В одном письме я нахожу лепестки засушенного цветка, в другом — каплю голубого хрусталя. «Любовь моя, я дарю тебе эту каплю, чтобы голубизна неба и моря были всегда с тобой».
Конечно, в конце концов я отвечаю на ее звонок. Я говорю, что не смогу забыть ни ложь, ни шантаж, Лора отвечает:
— Я докажу тебе, что изменилась, и ты вернешься ко мне.
Она нашла работу в бюро радиорекламы, ей подарили сибирскую лайку — нечто среднее между волком и собакой.
Каждые две недели я ставлю свет на телевизионной передаче, но больше не снимаю город своей маленькой видеокамерой, совершенно не переношу вечеров, после обеда растягиваюсь на кровати, как парализованный, мне кажется, что я вешу целую тонну. В два часа дня в душе поднимается тоска, в пять она становится почти непереносимой, а к восьми внезапно исчезает. Если мне нужно поразмышлять или что-то сделать, я с огромным трудом собираюсь с силами, мечтаю о кокаине, о том подъеме и концентрации всех сил и способностей, которые мне дарил наркотик и которых никогда больше не будет.
Врачи уменьшили дозу лекарства: шесть порошков в день, три утром, три вечером. Это гораздо менее мучительно. Я улыбаюсь, смеюсь, но все это на поверхности, на губах, иногда в глазах. Смех покинул глубины моего тела, все мне кажется банальным, даже растущие лиловые нарывы.

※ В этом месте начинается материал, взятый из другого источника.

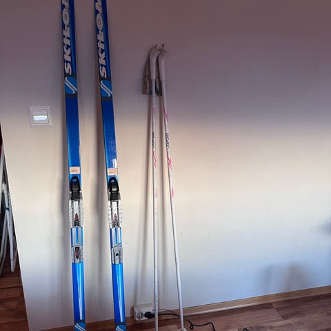 Pent brukte langrennsko for barn selges, skoene fremstår som nesten ny.
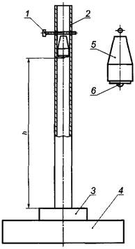 массой 1 кг; 6 - ударная головка диаметром 25 мм из закаленной стали; h -
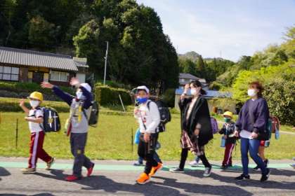 家庭訪問の代わりに、「地域訪問」を実施しています。学区を回り、各家庭の場所を確認しながら、通学路の危険箇所の把握もしています。
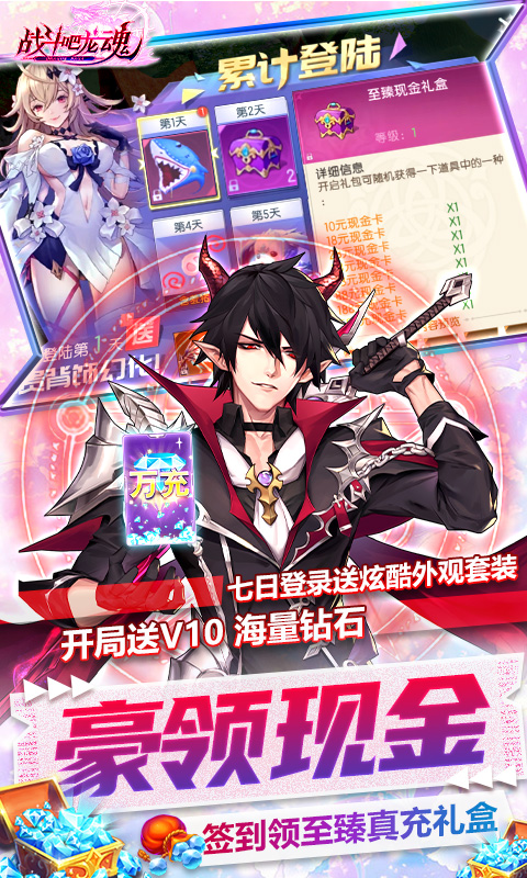 1、创角即送VIP10、38888钻石、58888绑钻、500W金币、稀有材料礼包、绝版称号、挑战龙魂秘境,得万元真充卡。
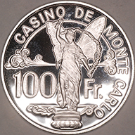 | FC | 30464 | 1977 | MONACO | 100 Francs | Angel | Monte Carlo Casino Token | 0.925 | 0.6100 | Silver | Prooflike | $35.00 | |||
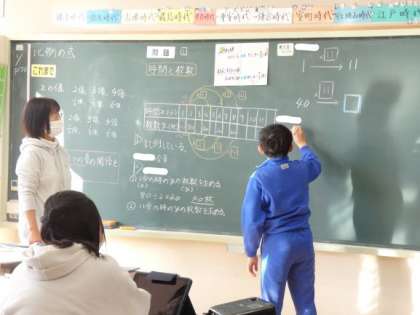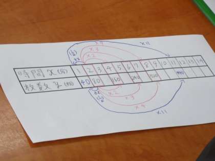 1月20日(金)比例と反比例 公開日 2023/01/20 更新日 2023/01/20 できごと 6年生の算数は、比例の授業です。 これまで表を使って、きまりを見つける勉強を積み重ねてきました。比例になることや、式に表すには「決まった数」がある、などの意見が子どもたちから出され、比例の式を作っていました。 「考えのヒント」や算数の用語を使って、考え方や説明の仕方をよく学び合いながら進めていました。
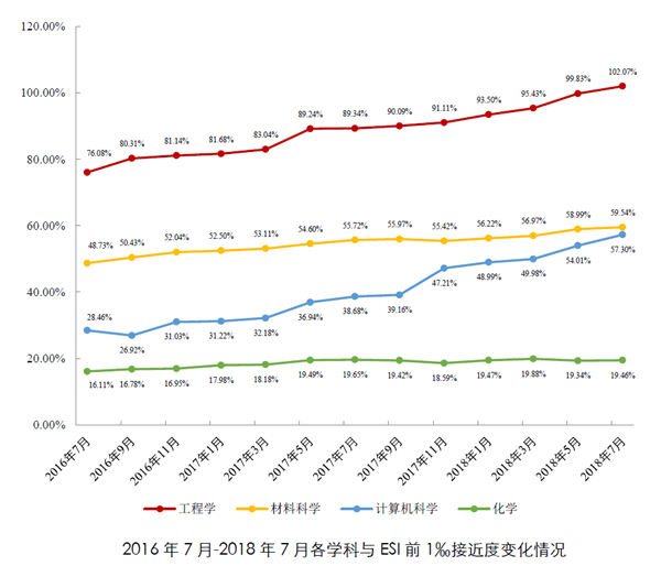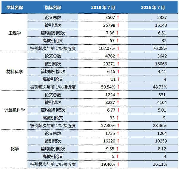 近两年来,我校4个进入ESI前1%学科的主要指标均呈上升趋势,除工程学排名已进入前1‰外,材料科学、计算机科学、化学被引频次与前1‰学科差距均进一步缩小。
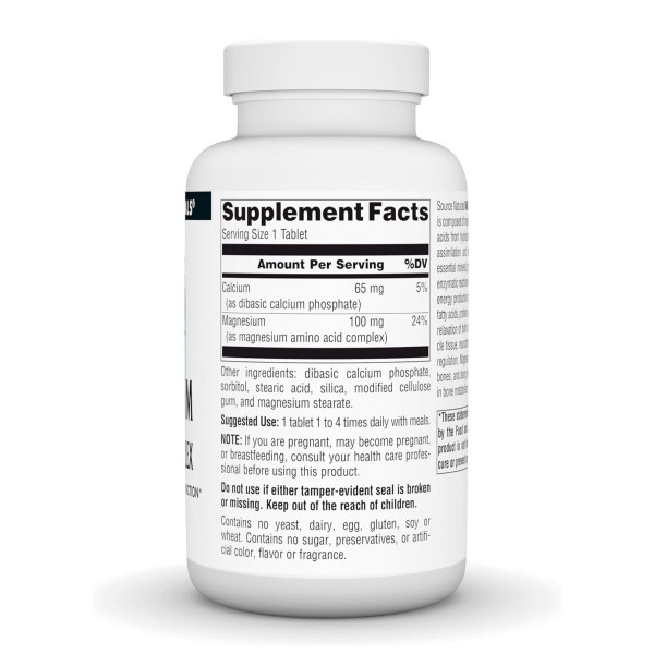 Комплекс Source Naturals с хелатом магния состоит из комплекса магния с аминокислотами гидролизованного растительного белка для облегчения усвоения и использования. Магний является важным минералом, который играет ключевую роль в более чем 300 ферментативных реакций обмена веществ. Он участвует в производстве и хранении энергии, расщеплении жирных кислот, синтезе белка, метаболизме ДНК, как произвольном, так и самопроизвольном расслаблении мышечной ткани, активности нейротрансмиттеров и регуляции гормонов. Магний сохраняется в основном в костях и наряду с другими минералами играет роль в метаболизме костей.

Утром, в половине восьмого, я вхожу в госпиталь Тарнье, чтобы сдать анализ крови. У меня смутное ощущение, что я где-то видел парня, сидящего в очереди передо мной, с перетянутой резиновым жгутом рукой и иголкой в вене на сгибе локтя. У него одутловатое, изуродованное саркомой Капоши лицо, он с трудом открывает глаза. Моя очередь: я сажусь на красный пластиковый стул, наклоняюсь, чтобы прочесть на формуляре имя предыдущего пациента. Оказывается, я его очень хорошо знаю, он работал с моим отцом. Этот молодой блестящий инженер был красив и силен, сейчас, надевая куртку, он выглядит как тень человека. Я здороваюсь, вряд ли он меня узнает, но отвечает и тут же уходит.
Сэми бросил Марианну. Однажды вечером он возвращается, как обычно, домой и сообщает ей, что уходит. Она в этот момент набирает на компьютере статью и делает вид, что не замечает Сэми. Он складывает вещи в сумки, хлопает дверь, и Марианна начинает рыдать, она плачет до утра.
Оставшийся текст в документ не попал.